While COBOL isn’t as accessible as modern languages, solving those initial hurdles pays dividends in future-proof career options!

The Future of COBOL

COBOL remains entrenched running finance and government systems. Yet aside from maintaining massive legacy codebases, most new development leverages languages like Java and C#. So what is COBOL‘s future outlook?

First and foremost, global COBOL modernization costs exceed $50 billion. These venerable systems won‘t get replaced overnight.
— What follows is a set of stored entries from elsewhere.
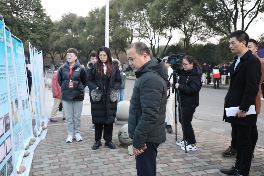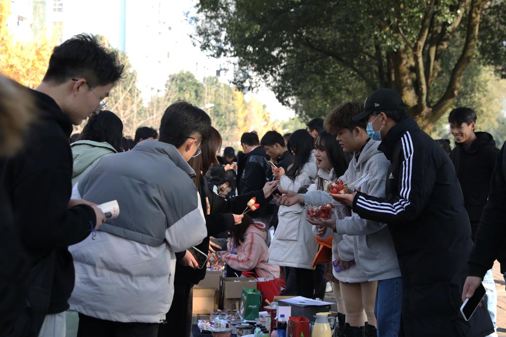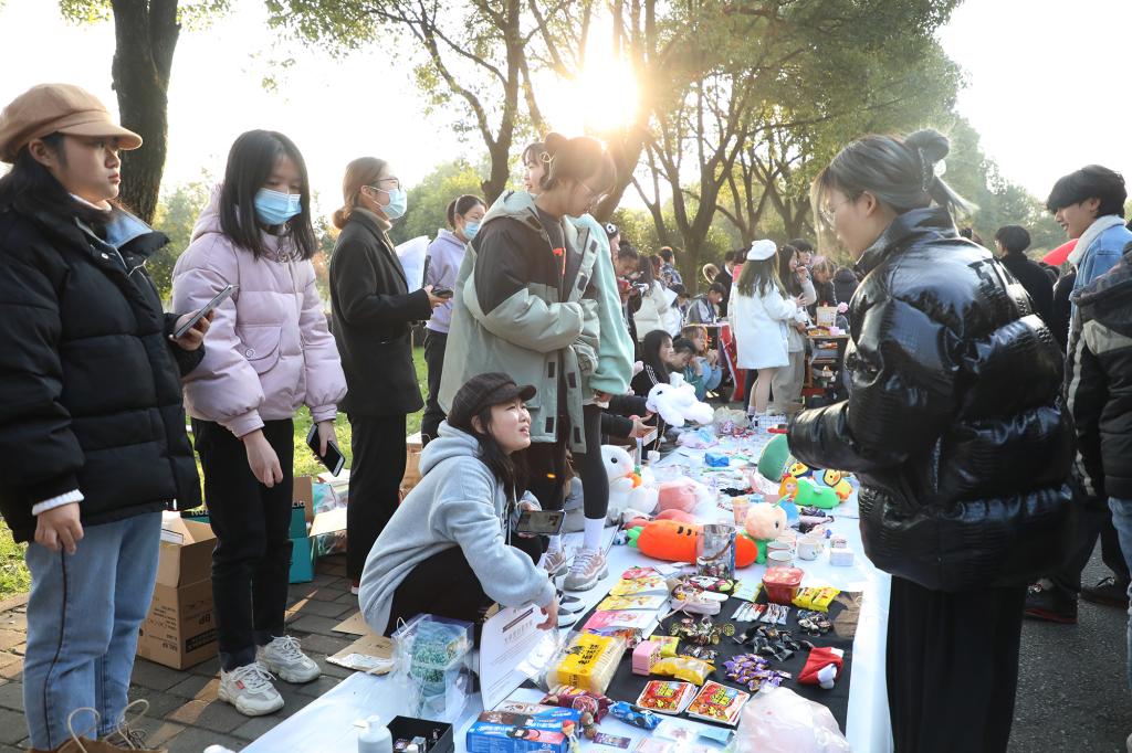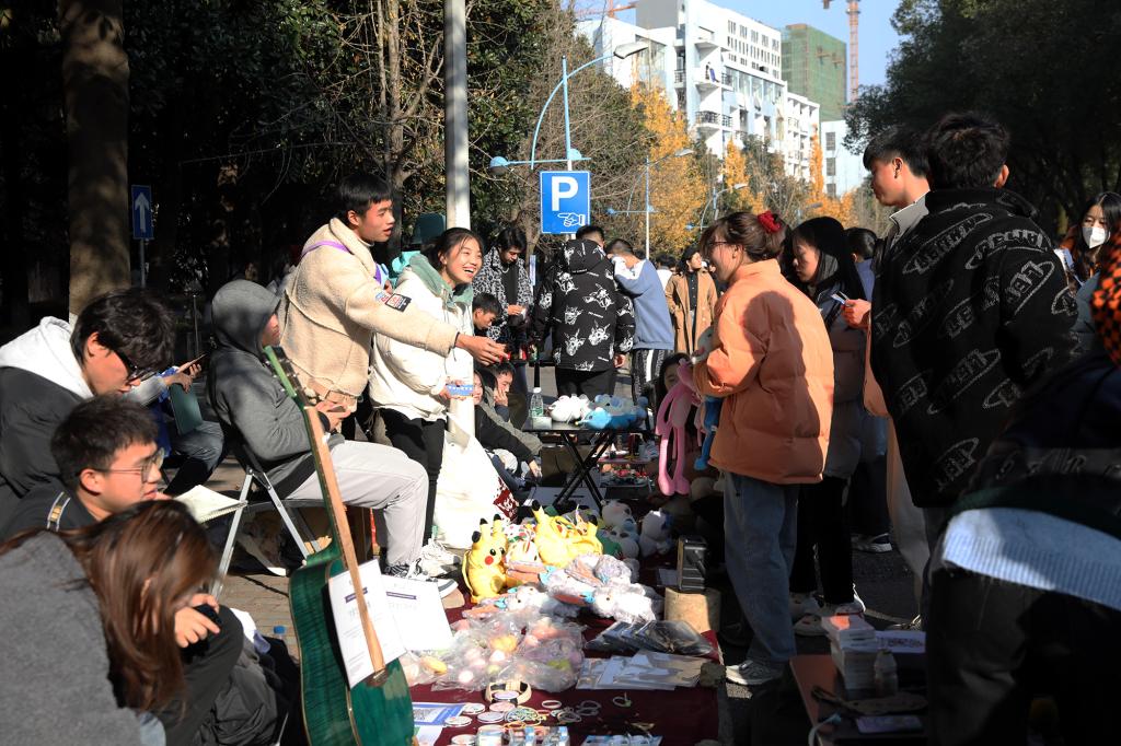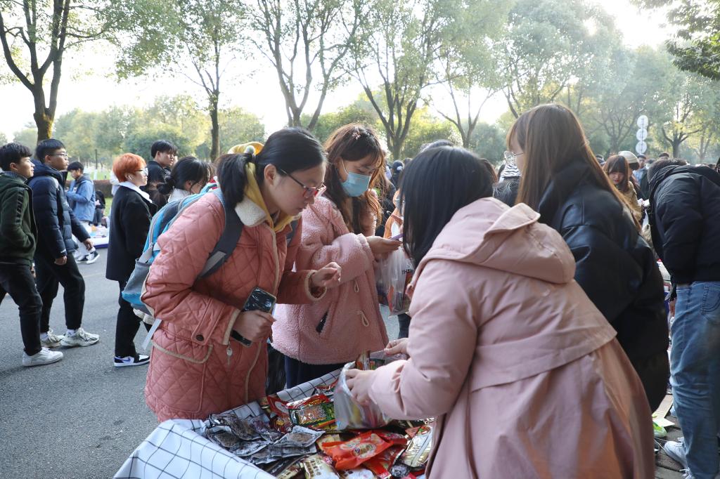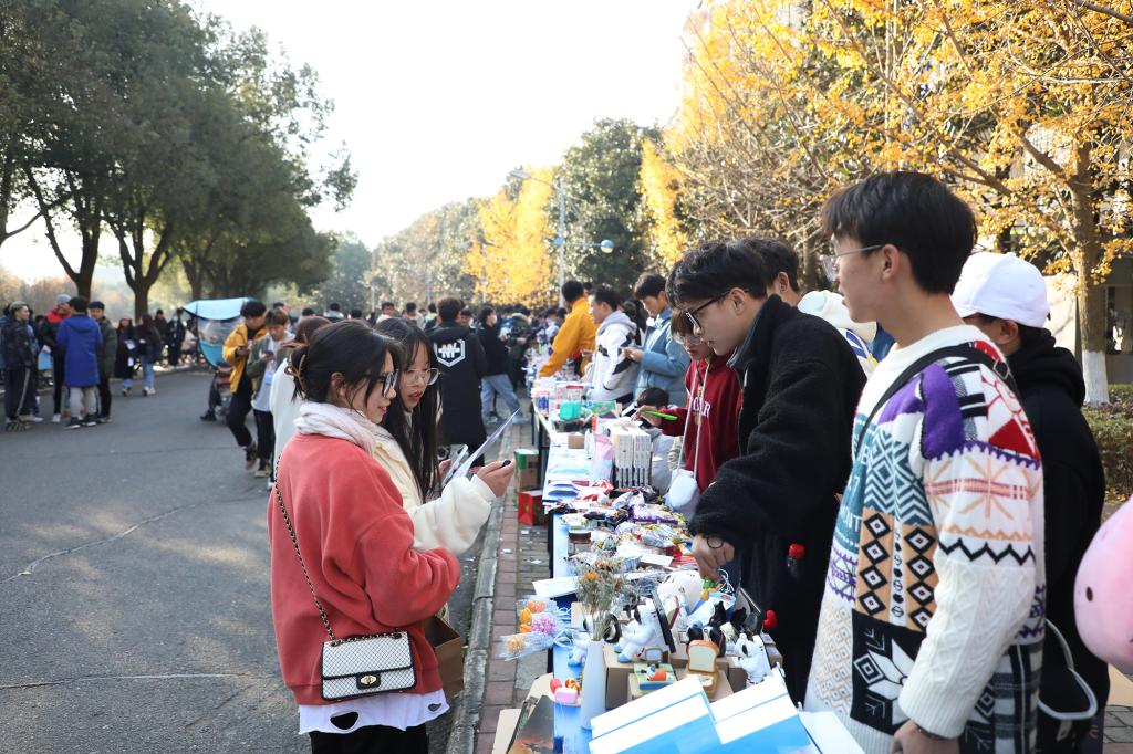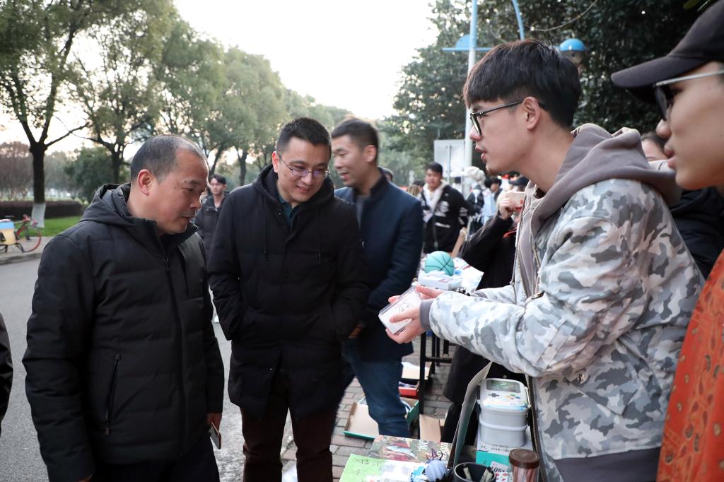 市集现场,商品交易区、成果展示区、项目体验区、互动区、公益区等五大区域人潮涌动、热闹非常。来来往往的“赶集”师生或低头观看,或抬头环顾,在各色创意类、特产类商品的“淘宝”中尽享“逛吃逛吃”和“买买买”的乐趣。当天,党委副书记、副校长闵桂林在校团委、各学院有关负责人的陪同下来到活动现场,和师生一同感受市集热闹,并与同学们亲切交流。
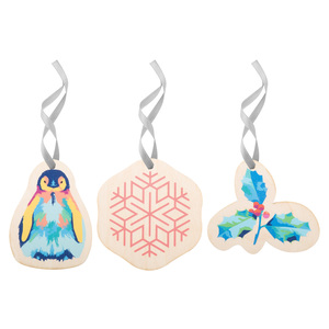 Zakázková ozdoba na vánoční stromeček z březové překližky s vlastním tvarem a plnobarevnou grafikou. Maximální rozměr: 80x80 mm. Cena je včetně UV LED tisku na jedné straně, nazahrnuje tiskovou přípravu. Dodáváno se stuhou zvlášť. Min. mn.: 100 ks.
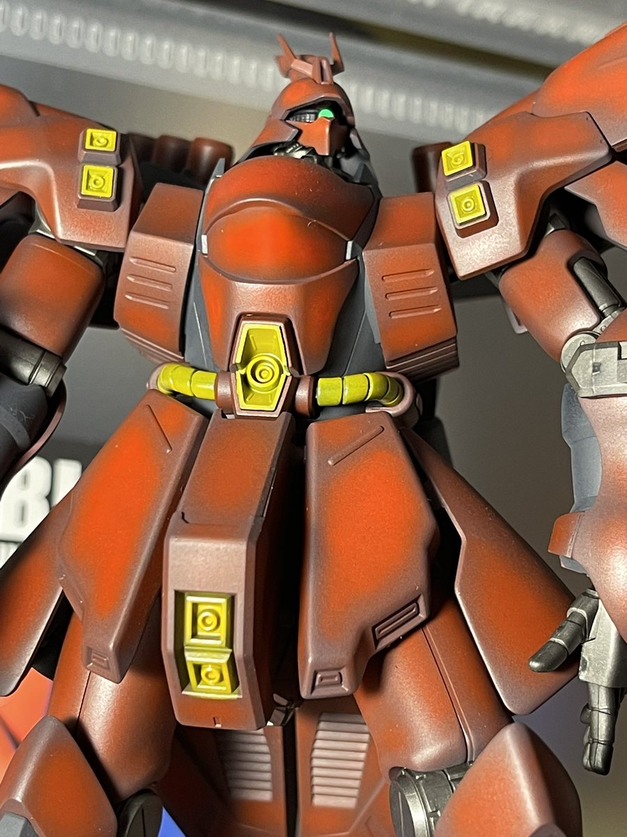 HGギラドーガ塗装おわた 爆睡してしまい今日はこれしか塗装できんかった 量産機の中でも好きなデザインのギラドーガ やっぱカッコイイなぁ ジェガンも作って並べたい #ガンプラ #ガンプラの画像貼るとRTされると聞いて #ガンプラは自由だ #ガンプラ好きと繋がりたい
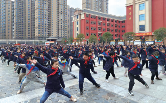“如果你覺(jué)得很冷,請(qǐng)?jiān)嘏埽屔眢w熱起來(lái)……”2月21日上午9點(diǎn)40分,在咸寧高新實(shí)驗(yàn)外國(guó)語(yǔ)學(xué)校進(jìn)校廣場(chǎng),三四年級(jí)共21個(gè)班學(xué)生迅速呈體操隊(duì)形散開(kāi),根據(jù)廣播指令,分別做了武術(shù)操和課間健美操。彼時(shí),天空陰沉,狂風(fēng)吹刮著臉,孩子們站立在風(fēng)中,握拳、踢腿、抱拳彈踢、弓步撩掌,經(jīng)過(guò)了一個(gè)假期,一招一式略顯生疏,卻又顯張力。
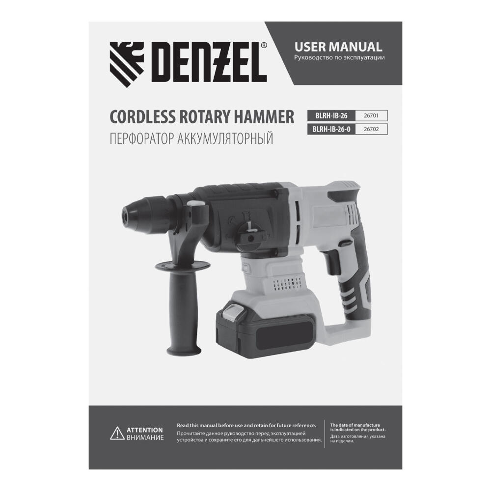 Аккумуляторный перфоратор Denzel BLRH-IB-26-0 26702 питается от аккумулятора Li-Ion увеличенной емкости с рабочим напряжением 18 В (не входит в комплект поставки). Предназначен для сверления отверстий в различных материалах, а также для штробления стен и разрушения кирпичной кладки. Предусмотрено 4 режима работы: сверление, бурение, долбление + регулировка положения долота (опция Vario Lock). Максимальный диаметр отверстий в древесине составляет 40 мм, металле — 13 мм, бетоне — 26 мм.,Инструмент совершает до 4800 ударов в минуту, развивая энергию до 3 Дж, чем обусловлена его высокая производительность и эффективная работа с твердыми материалами. Перфоратор пригодится для проведения строительных и ремонтных работ. В комплект поставки входит дополнительная рукоятка и ограничитель глубины сверления.
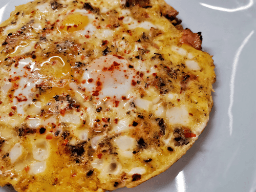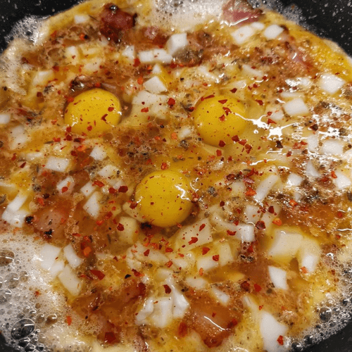 Eggs with bacon and suluguni cheese is a hearty and aromatic dish that combines crispy bacon, tender eggs, and stretchy suluguni. This dish has a signature character, merging classic Western scrambled eggs with Georgian cheese known for its elastic texture and milky flavor. During cooking, the bacon acquires an appetizing golden crust while the suluguni melts, creating a rich cheesy note. Italian herbs and chili pepper add spiciness, making the dish more expressive. The scrambled eggs are perfect for a late breakfast or cozy home dinner, especially with fresh bread and vegetables. This harmonious blend of flavors will appeal to lovers of simple yet exquisite dishes.
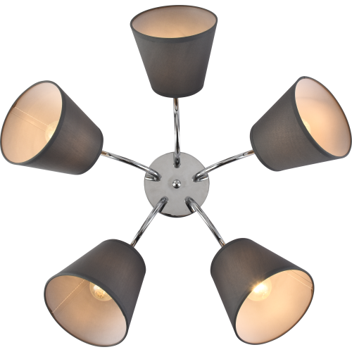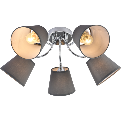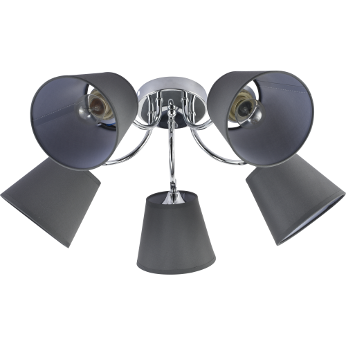 Люстра Rivoli Alexa (арт. 9163-305) в сером цвете, с хромированной арматурой, с пятью плафонами из абажурной ткани. Люстра итальянского дизайна по доступной цене. Коллекцию Alexa Rivoli дополняет люстра потолочная с тремя плафонами – арт. 9163-303. Для люстры Alexa необходимо купить лампы Е27 60 Вт – 5 шт. Современная люстра Rivoli Alexa качественно освещает площадь до 15 м2. Такая классическая интеллигентная люстра подойдёт в гостиную, на кухню, в спальню. Люстра Alexa станет украшением пространства и удачно дополнит множество стилей – модерн, классика, современная классика, скандинавский, кантри, американский. Направленные в разные стороны плафоны люстры потолочной Rivoli Alexa равномерно распределяют свет.

Organizations must weigh exorbitant upgrades against the opportunity cost of disruption.

Further complicating migration is the difficulty rewriting 500,000+ lines of business logic accumulated over decades. Integrations and tribal knowledge create exponential complexity.

So while dated, COBOL persists thanks to economic forces beyond technical limitations. When migration does occur, capable languages certainly exist. But no rewrite happens quickly or inexpensively.

The reality remains that COBOL will outlive many of its critics. Love it or hate it, organizations rely on this pillar of transaction processing. And as systems age and talent retires, we must continue investing in the next generation of COBOL experts.

Conclusion

COBOL’s English syntax and business data focus forged computing’s backbone across healthcare, government, finance and more. What began from Grace Hopper’s vision for data portability ignited a revolution powering global commerce 60+ years later.

Along the way, capabilities incrementally modernized on ancient code foundations. Persistence and precision superseded flashy innovation. Yet as architects retired, questions emerged – who supports business systems underpinning trillions in trade?

The institutions relying on COBOL face reckoning. Modern platforms offer promise, yet expedience trumps change. And so COBOL persists not from superiority, but reluctance to disrupt stability it created. Such is its legacy.

So while newcomers may overlook COBOL as an aging relic, it processes critical data enabling lives today. Much as the iconic 24-year-old COBOL-based VAT system modernized British taxation in 2005, we continually extract new value from old code.

Perhaps that is COBOL’s greatest achievement – enabling commerce resilience despite decades of unbridled computing progress. Not through inventing the future, but perpetuating the past. Surely Grace Hopper would be proud.